WORK ITEM - The records that follow should be returned exactly, pictures excluded.

Stored dataset items -
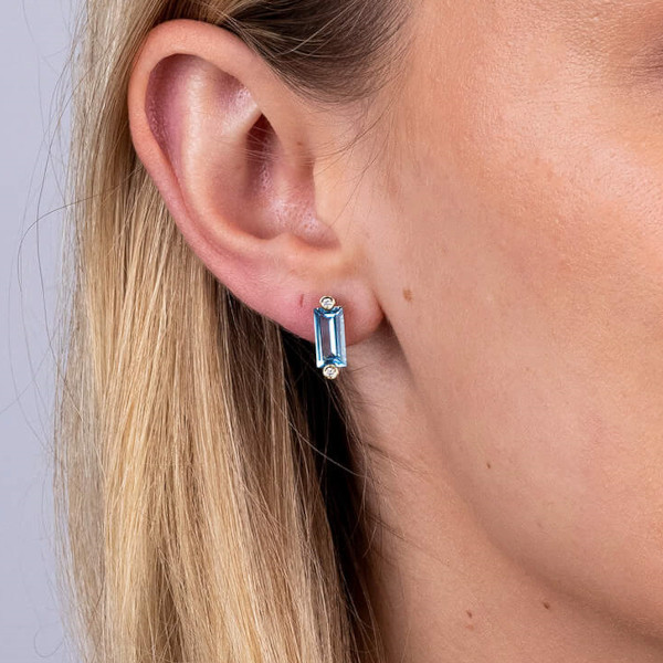 Experience the vibrant elegance of our 9ct Yellow Gold Diamond & 3.70ct Swiss Blue Topaz Earrings, designed for women who appreciate bold beauty. Each earring features a stunning vertical rectangular cut Swiss blue topaz, totalling 3.70ct, with a bezel set diamond on either end, adding a touch of sparkle. Crafted from luxurious 9 carat yellow gold, these stud earrings offer a striking contrast between the vivid blue topaz and the shimmering diamonds. The posts and scroll backs ensure a secure and comfortable fit, perfect for both everyday wear and special occasions. These earrings blend modern sophistication with timeless design, making them a versatile addition to any jewellery collection. Whether you are treating yourself or looking for a thoughtful gift, these diamond and topaz earrings are sure to be cherished. Elevate your style with these exquisite earrings and enjoy the perfect blend of colour and elegance.
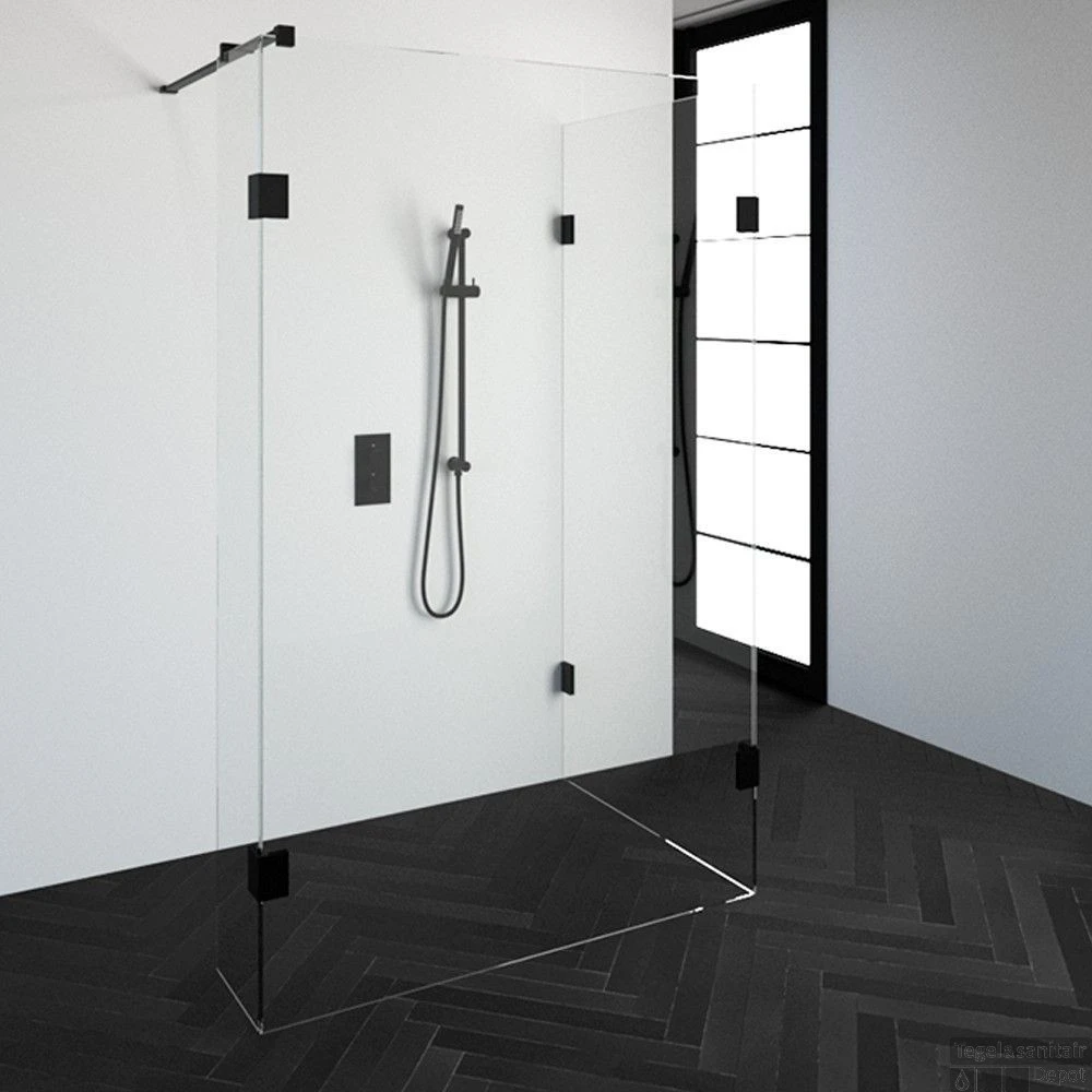 Deze complete inloopdouche bestaat uit twee inloopwanden en en een zijwand met Mat Zwart beslag. Inclusief glasbehandeling. De hoogte van de inloopdouche is 200 cm. Hij is 128,3 cm breed en 87,7 cm diep. Deze inloopdouche straalt luxe uit door zijn design en kleur.
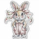 A cute cartoon illustration of a bunny wearing a pink and mint green floral headscarf with a bow. The bunny has long, upright ears, large expressive black eyes, and a happy smiling expression. It is wearing a pink and mint green long-sleeved outfit with a lace-trimmed collar and decorative buttons down the front. The bunny's outfit includes a pair of pink overalls with front pockets and ruffled details. The bunny is standing upright in a friendly pose with its hands at its sides. The illustration has clean lines and a soft, watercolor-style finish. The bunny's fur is rendered in light beige and white tones, with subtle shading to create depth and dimension. The overall composition is centered on a white background, creating a sweet, childlike illustration style.
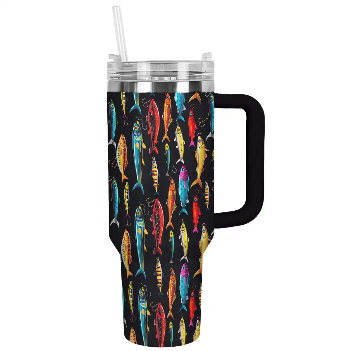 Colorful Fishing Bait Custom Stanley Cup 40 oz Tumbler With Handle
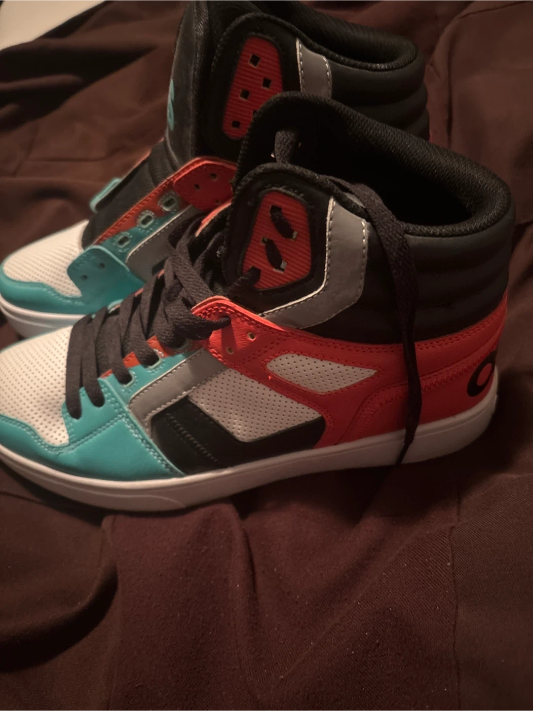 These Osiris high top sneakers are a stylish choice. They feature a mix of white, teal, black, and orange colour blocking. Lace-up closure for a secure fit.
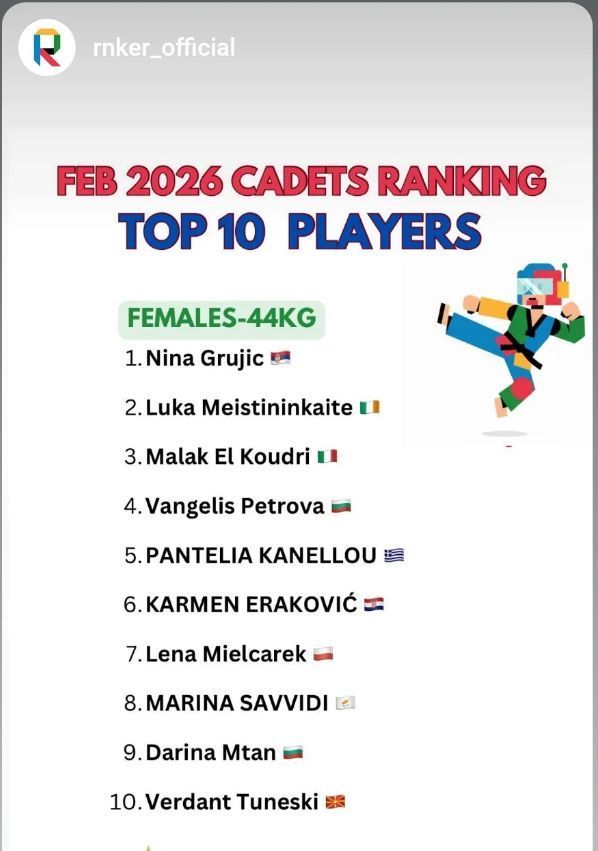 Mlada tekvondistkinja Nina Grujić, članica Tekvondo kluba Imperium Pazova iz Nove Pazove, zauzela je prvo mesto na evropskoj rang-listi za kadetkinje u kategoriji do 44 kilograma, prema zvaničnom februarskom poretku Evropske tekvondo federacije.
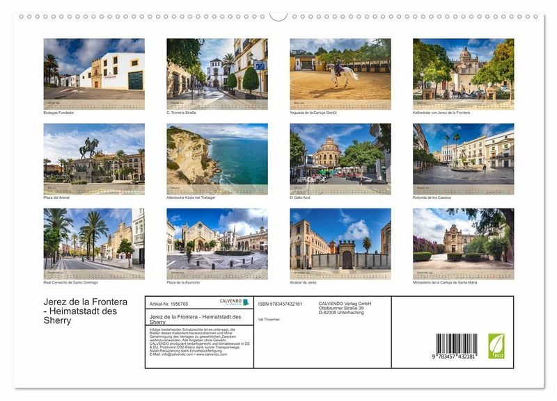 PREMIUM-LINIE - Brillanter Fotokalender mit 12 wunderschönen Motiven, Kunstdruck in Hochglanz in Museumsqualität.QUALITÄT - edle Materialien, stabile Rückwand mit 2 innovativen Einstecktaschen für eine optimale Präsentation an der Wand.NACHHALTIG - deutliche Abfallreduzierung durch bedarfsgerechte Einzelstückfertigung, umweltfreundliches FSC-zertifiziertes Papier, Produktion in Deutschland, klimabewusste Logistik.PERFEKTES GESCHENK - Kalender für Freunde und Familie, für Kinder und Erwachsene, jung und alt, zu Weihnachten, Geburtstag oder zwischendurch.Eine Fotoreise durch die andalusische Stadt Jerez de la Frontera von Autor(in): Val Thoermer
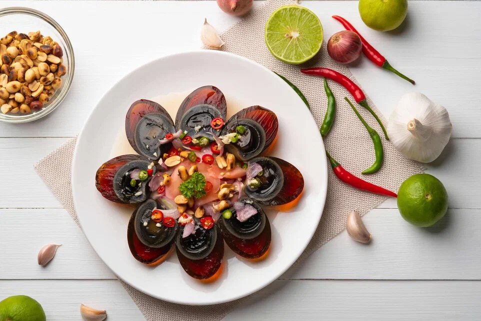 Не знаем, решитесь ли вы, но в Китае это одна из любимых закусок. Яйца выдержаны несколько месяцев под землей в специальной смеси из чая, извести, соли и золы. После снятия скорлупы их оставляют немного «отдохнуть», чтобы выветрился характерный аммиачный запах.
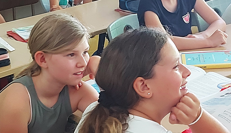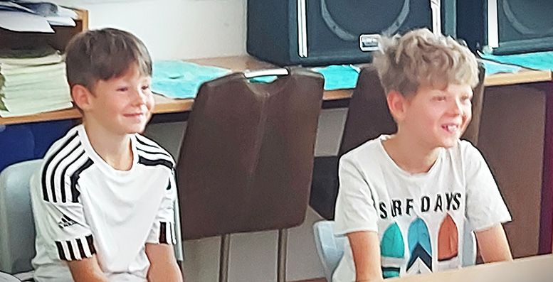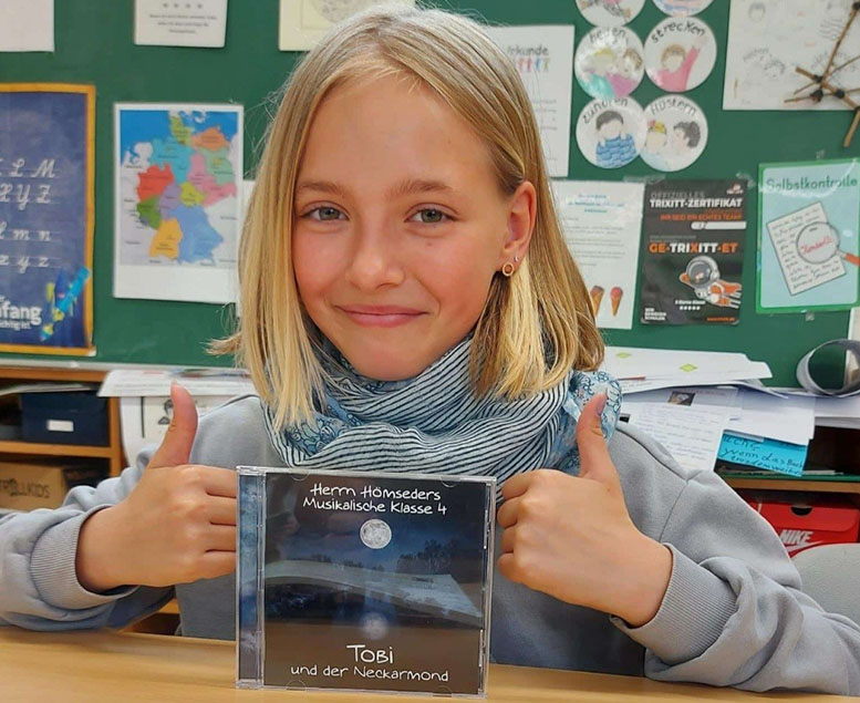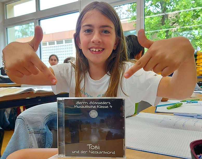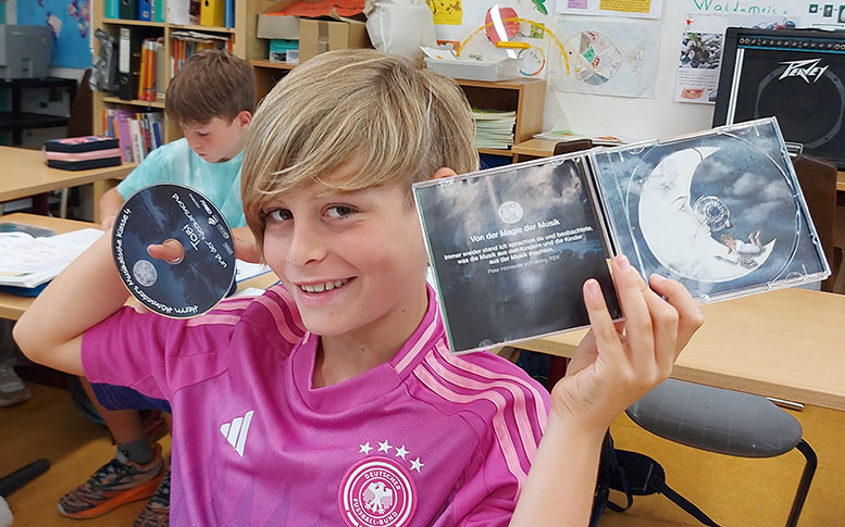 CD Präsentation im Klassenzimmer Am 20. Juni hörte die Musikalische Klasse ihre CD im Klassenzimmer zum ersten Mal. Aber auch vom ausführlichen Booklett, welches sie genau studierten. „Diese CD werde ich noch meinen Kindern vorspielen.“ Schülerin 10 Jahre.
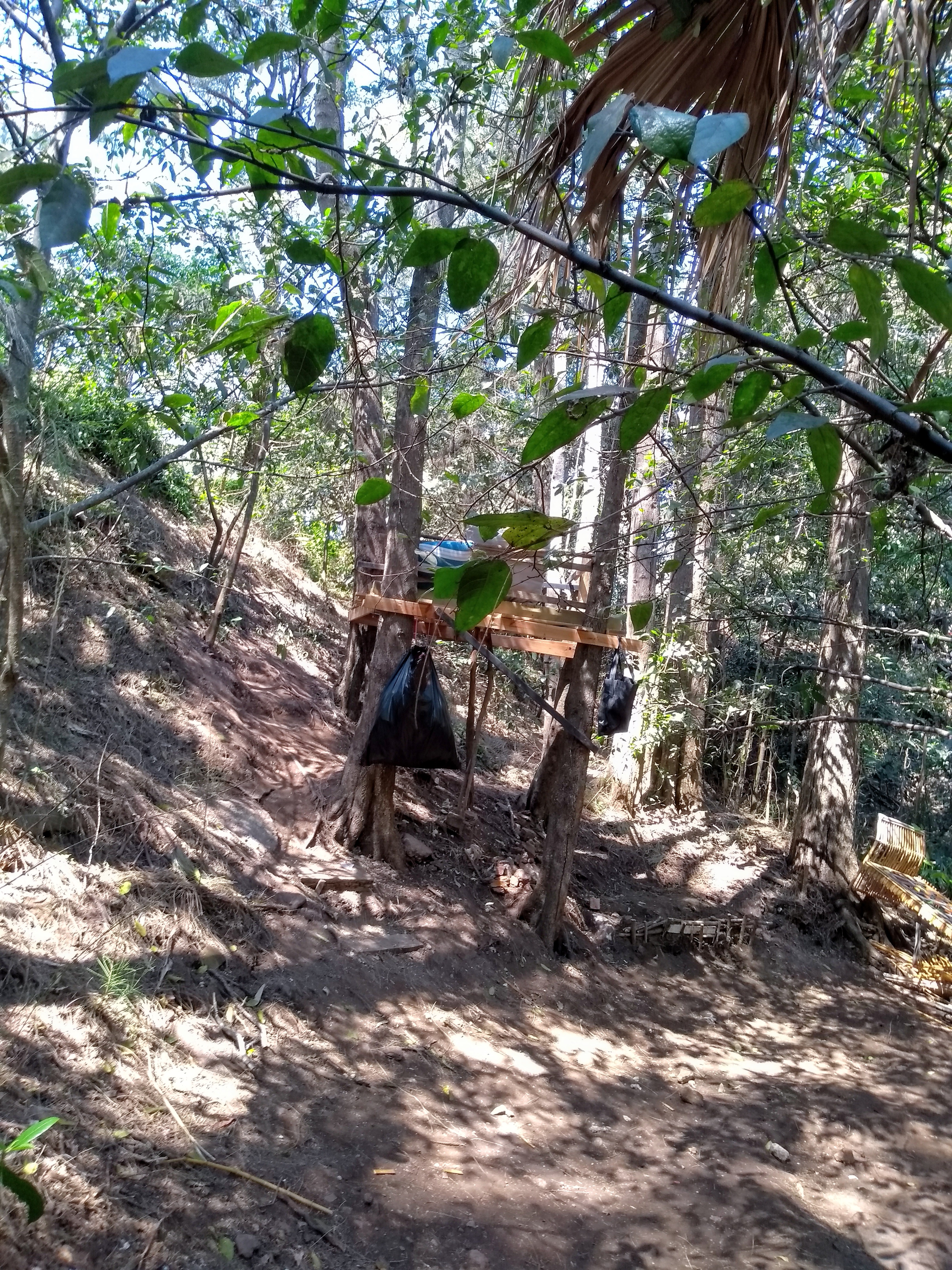 In the space of the last couple of weeks trail bike builders have removed barriers erected by council staff last year, after a similar incident damaged and felled shrubs and trees in order to create several bike trails, erected a den and tree house, excavated soil at creek level to create jumping mounds, installed a garden bench, foldable chairs, and left the tools used to destroy this reserve, namely wheelbarrows, a bush saw, brooms, shovels, chainsaw and general rubbish.
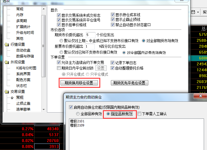 持仓栏除了鸡蛋合约,其他品种都换主力合约是吧?  设置一下换月合约即可:下单 》 交易设置中
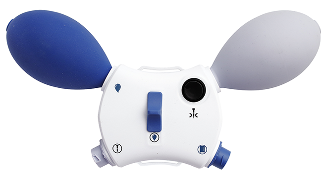 De två handpumparna gör det enkelt att pumpa och kontrollera uppblåsningen av ballongen och vattentillförseln .
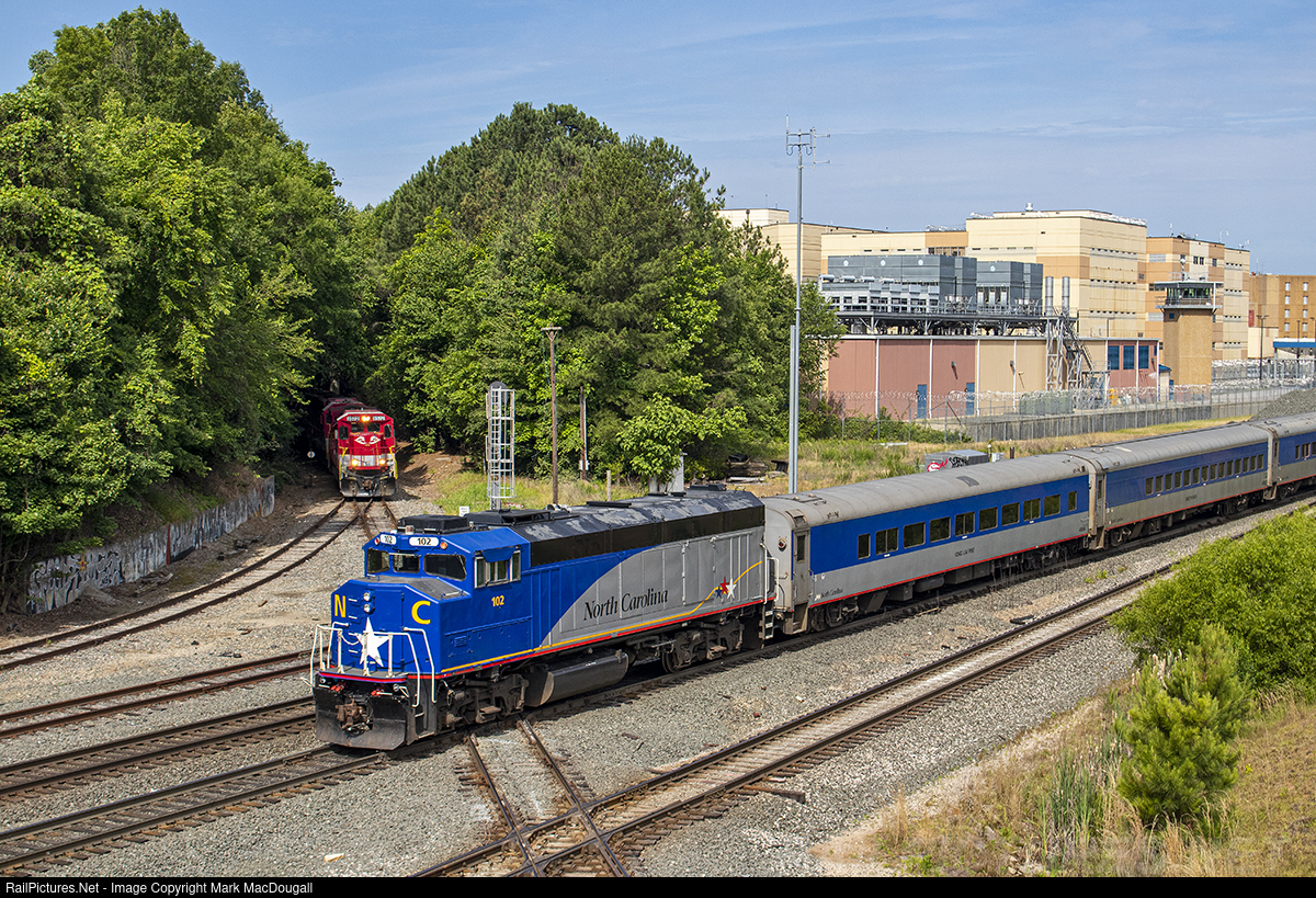 Amtrak 75 departs Raleigh for Charlotte with NCDOT Cab Control Unit 102 on the rear while Raleigh & Fayetteville RF01 waits for their turn across the diamond at Boylan with an RJ Corman B39-8 leading the train of interchange traffic for NS at Glenwood Yard.

SOLVED PROBLEM -
 Experience the vibrant elegance of our 9ct Yellow Gold Diamond & 3.70ct Swiss Blue Topaz Earrings, designed for women who appreciate bold beauty. Each earring features a stunning vertical rectangular cut Swiss blue topaz, totalling 3.70ct, with a bezel set diamond on either end, adding a touch of sparkle. Crafted from luxurious 9 carat yellow gold, these stud earrings offer a striking contrast between the vivid blue topaz and the shimmering diamonds. The posts and scroll backs ensure a secure and comfortable fit, perfect for both everyday wear and special occasions. These earrings blend modern sophistication with timeless design, making them a versatile addition to any jewellery collection. Whether you are treating yourself or looking for a thoughtful gift, these diamond and topaz earrings are sure to be cherished. Elevate your style with these exquisite earrings and enjoy the perfect blend of colour and elegance.
 Deze complete inloopdouche bestaat uit twee inloopwanden en en een zijwand met Mat Zwart beslag. Inclusief glasbehandeling. De hoogte van de inloopdouche is 200 cm. Hij is 128,3 cm breed en 87,7 cm diep. Deze inloopdouche straalt luxe uit door zijn design en kleur.
 A cute cartoon illustration of a bunny wearing a pink and mint green floral headscarf with a bow. The bunny has long, upright ears, large expressive black eyes, and a happy smiling expression. It is wearing a pink and mint green long-sleeved outfit with a lace-trimmed collar and decorative buttons down the front. The bunny's outfit includes a pair of pink overalls with front pockets and ruffled details. The bunny is standing upright in a friendly pose with its hands at its sides. The illustration has clean lines and a soft, watercolor-style finish. The bunny's fur is rendered in light beige and white tones, with subtle shading to create depth and dimension. The overall composition is centered on a white background, creating a sweet, childlike illustration style.
 Colorful Fishing Bait Custom Stanley Cup 40 oz Tumbler With Handle
 These Osiris high top sneakers are a stylish choice. They feature a mix of white, teal, black, and orange colour blocking. Lace-up closure for a secure fit.
 Mlada tekvondistkinja Nina Grujić, članica Tekvondo kluba Imperium Pazova iz Nove Pazove, zauzela je prvo mesto na evropskoj rang-listi za kadetkinje u kategoriji do 44 kilograma, prema zvaničnom februarskom poretku Evropske tekvondo federacije.
 PREMIUM-LINIE - Brillanter Fotokalender mit 12 wunderschönen Motiven, Kunstdruck in Hochglanz in Museumsqualität.QUALITÄT - edle Materialien, stabile Rückwand mit 2 innovativen Einstecktaschen für eine optimale Präsentation an der Wand.NACHHALTIG - deutliche Abfallreduzierung durch bedarfsgerechte Einzelstückfertigung, umweltfreundliches FSC-zertifiziertes Papier, Produktion in Deutschland, klimabewusste Logistik.PERFEKTES GESCHENK - Kalender für Freunde und Familie, für Kinder und Erwachsene, jung und alt, zu Weihnachten, Geburtstag oder zwischendurch.Eine Fotoreise durch die andalusische Stadt Jerez de la Frontera von Autor(in): Val Thoermer
 Не знаем, решитесь ли вы, но в Китае это одна из любимых закусок. Яйца выдержаны несколько месяцев под землей в специальной смеси из чая, извести, соли и золы. После снятия скорлупы их оставляют немного «отдохнуть», чтобы выветрился характерный аммиачный запах.
 CD Präsentation im Klassenzimmer Am 20. Juni hörte die Musikalische Klasse ihre CD im Klassenzimmer zum ersten Mal. Aber auch vom ausführlichen Booklett, welches sie genau studierten. „Diese CD werde ich noch meinen Kindern vorspielen.“ Schülerin 10 Jahre.
 In the space of the last couple of weeks trail bike builders have removed barriers erected by council staff last year, after a similar incident damaged and felled shrubs and trees in order to create several bike trails, erected a den and tree house, excavated soil at creek level to create jumping mounds, installed a garden bench, foldable chairs, and left the tools used to destroy this reserve, namely wheelbarrows, a bush saw, brooms, shovels, chainsaw and general rubbish.
 持仓栏除了鸡蛋合约,其他品种都换主力合约是吧?  设置一下换月合约即可:下单 》 交易设置中
 De två handpumparna gör det enkelt att pumpa och kontrollera uppblåsningen av ballongen och vattentillförseln .
 Amtrak 75 departs Raleigh for Charlotte with NCDOT Cab Control Unit 102 on the rear while Raleigh & Fayetteville RF01 waits for their turn across the diamond at Boylan with an RJ Corman B39-8 leading the train of interchange traffic for NS at Glenwood Yard.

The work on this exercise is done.